ASSIGNMENT: Transcribe the entries that follow, every word as written, and drop the pictures.

Dataset records:
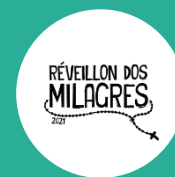
Réveillon dos Milagres
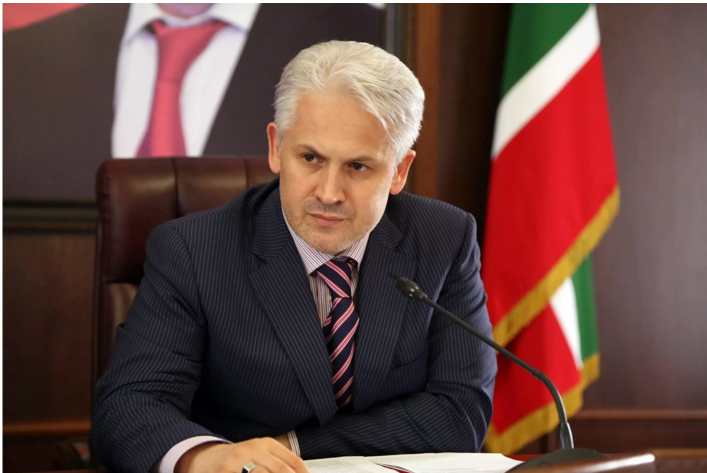
Муслим Хучиев.

обязанностей главы ЧР Председателю правительства ЧР Муслиму Хучиеву... Хвала Аллаху, организм у меня крепкий, капельницы ставили всего два дня. Всё теперь нормально. С 16 февраля в полном объеме выполняю свои должностные обязанности. И вам советую заниматься спортом, если желаете быстро справиться с разными недугами».
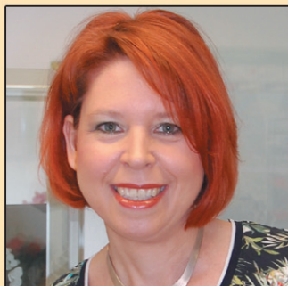
Susanne Janz Dental Atelier
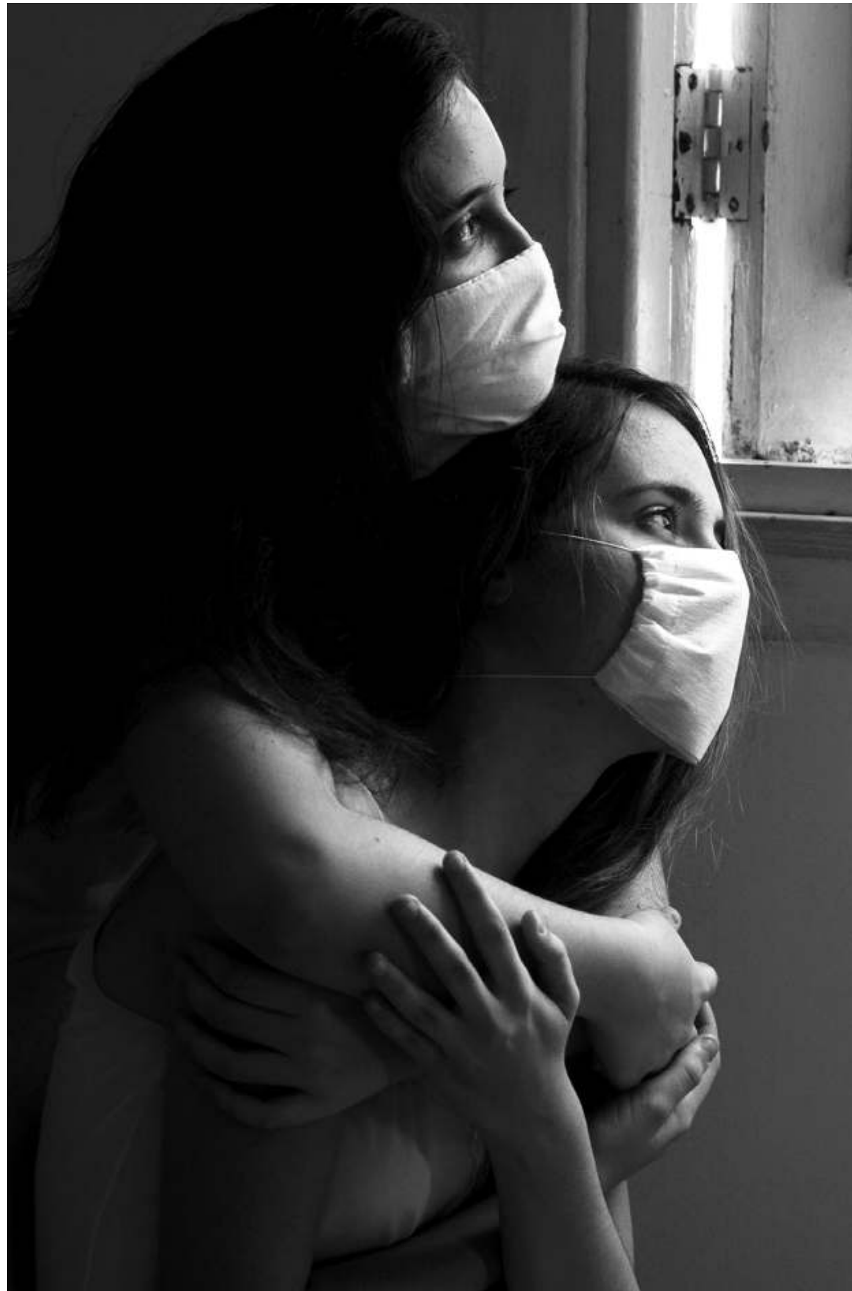
Serie: Virgen a solas , Lisbet Goenaga. Cuba, 2020.
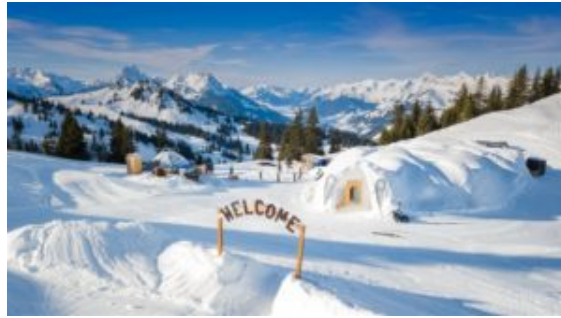
Igloo a Gstaad

L'alta cucina in quota ha un indirizzo ben preciso anche se in quasi tutte le località più glamour delle Alpi oramai vanno di moda festival dedicati a un pubblico gourmet. L'Alta Badia è meta d'elezione: qui infatti vi è il più alto numero di cucine stellate in quota. E, proprio in questi luoghi, l'inizio della stagione è celebrato con la gara di Coppa del Mondo sulla pista della Gran Risa a La Villa. Qui, sulla finish line dell'evento, Leitner Ropeways apre le porte (dal 21 al 23 dicembre) a una lounge dove chef stellati e promesse emergenti si alternano ai fornelli per i tre giorni. Da non perdere anche 0 l'edizione invernale del Trentodoc sulle Dolomiti che, a febbraio (13-16 a Madonna di Campiglio e 20-23 Val di Fassa), coinvolge le 54 cantine di bollicine di montagna associate all'Istituto.
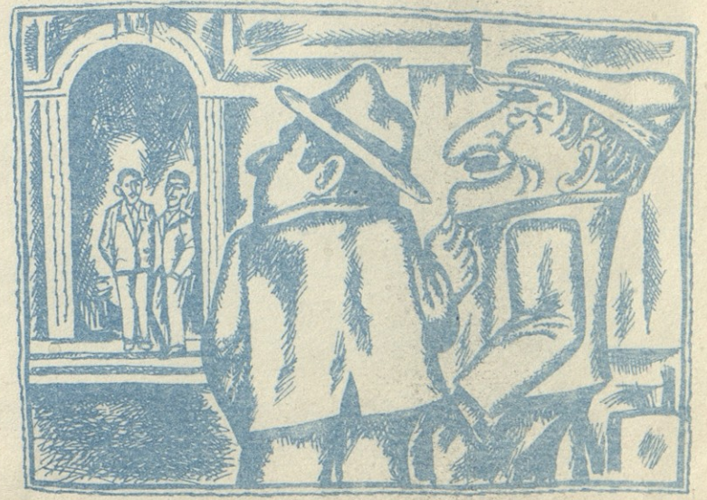
ამათსავით რომ სულ ფეხბურთის კომბინაციებზე ვფიქრობდეთ, ამათსავით გიბეგამოფხვილები ვიქნებოთ.

თანი და სად ყაითანი, სად სუმბული და სად ბუმბული... შენზე ტრფობით დამეგები არ მძინავს, შენზე ფიქრით გული გადამელია. რაცა ვარ, აი, ესა ვარ, თუ ცოლად გამომყვები, ქეთო-ჯან, წყნეთში დედუღეთის მამულს გავყი-დი თავის ვირ-ჩორბანანად, მეზობლების ჯიბრზე სამედიცინოზე მოგაწყობ და, ჟიგუ-ლის ნაცვლად, პრალიოტკას გიყიდი. რვა ნომრით ელოთბ, ცაზე მთვარემ სუ-ლი დალია, შარაფის მუზა გამოვცალე, შუა-დამეა, დილის შათორი, აზამბარი ეშხით მთვრალა, თუ გაგაფრინე, ჩემთ ქეთო, შენი ბრალა! დარროს ფაიტონით ჰაზირას ხელით გიგ-ზავნი პეტროგრადიდან ჩამოტანილ ლაქის
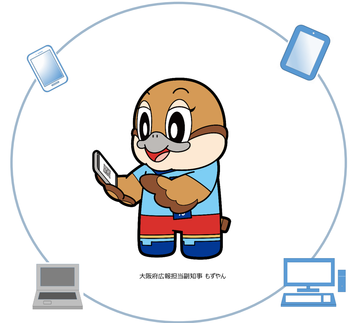
大阪府広報担当副知事 もずやん
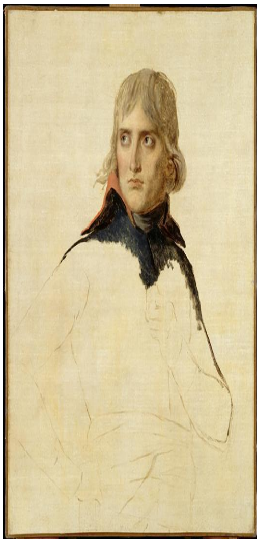
Figure 1: Le général Bonaparte, par Jacques-Louis

Le coup d'Etat de Napoléon inaugure un long cycle de transformations politiques et sociales qui se poursuivent au XIX e siècle à travers différentes expériences : monarchie constitutionnelle, empire, république et restauration. Les débats sur la souveraineté, la représentation politique, les libertés publiques et la place de la religion dans la société structurent durablement la vie politique française. De nombreuses institutions et valeurs qui s'imposeront progressivement trouvent leur origine dans cette période fondatrice.

OUTPUT FOR THIS EXERCISE:
Réveillon dos Milagres
Муслим Хучиев.

обязанностей главы ЧР Председателю правительства ЧР Муслиму Хучиеву... Хвала Аллаху, организм у меня крепкий, капельницы ставили всего два дня. Всё теперь нормально. С 16 февраля в полном объеме выполняю свои должностные обязанности. И вам советую заниматься спортом, если желаете быстро справиться с разными недугами».
Susanne Janz Dental Atelier
Serie: Virgen a solas , Lisbet Goenaga. Cuba, 2020.
Igloo a Gstaad

L'alta cucina in quota ha un indirizzo ben preciso anche se in quasi tutte le località più glamour delle Alpi oramai vanno di moda festival dedicati a un pubblico gourmet. L'Alta Badia è meta d'elezione: qui infatti vi è il più alto numero di cucine stellate in quota. E, proprio in questi luoghi, l'inizio della stagione è celebrato con la gara di Coppa del Mondo sulla pista della Gran Risa a La Villa. Qui, sulla finish line dell'evento, Leitner Ropeways apre le porte (dal 21 al 23 dicembre) a una lounge dove chef stellati e promesse emergenti si alternano ai fornelli per i tre giorni. Da non perdere anche 0 l'edizione invernale del Trentodoc sulle Dolomiti che, a febbraio (13-16 a Madonna di Campiglio e 20-23 Val di Fassa), coinvolge le 54 cantine di bollicine di montagna associate all'Istituto.
ამათსავით რომ სულ ფეხბურთის კომბინაციებზე ვფიქრობდეთ, ამათსავით გიბეგამოფხვილები ვიქნებოთ.

თანი და სად ყაითანი, სად სუმბული და სად ბუმბული... შენზე ტრფობით დამეგები არ მძინავს, შენზე ფიქრით გული გადამელია. რაცა ვარ, აი, ესა ვარ, თუ ცოლად გამომყვები, ქეთო-ჯან, წყნეთში დედუღეთის მამულს გავყი-დი თავის ვირ-ჩორბანანად, მეზობლების ჯიბრზე სამედიცინოზე მოგაწყობ და, ჟიგუ-ლის ნაცვლად, პრალიოტკას გიყიდი. რვა ნომრით ელოთბ, ცაზე მთვარემ სუ-ლი დალია, შარაფის მუზა გამოვცალე, შუა-დამეა, დილის შათორი, აზამბარი ეშხით მთვრალა, თუ გაგაფრინე, ჩემთ ქეთო, შენი ბრალა! დარროს ფაიტონით ჰაზირას ხელით გიგ-ზავნი პეტროგრადიდან ჩამოტანილ ლაქის
大阪府広報担当副知事 もずやん
Figure 1: Le général Bonaparte, par Jacques-Louis

Le coup d'Etat de Napoléon inaugure un long cycle de transformations politiques et sociales qui se poursuivent au XIX e siècle à travers différentes expériences : monarchie constitutionnelle, empire, république et restauration. Les débats sur la souveraineté, la représentation politique, les libertés publiques et la place de la religion dans la société structurent durablement la vie politique française. De nombreuses institutions et valeurs qui s'imposeront progressivement trouvent leur origine dans cette période fondatrice.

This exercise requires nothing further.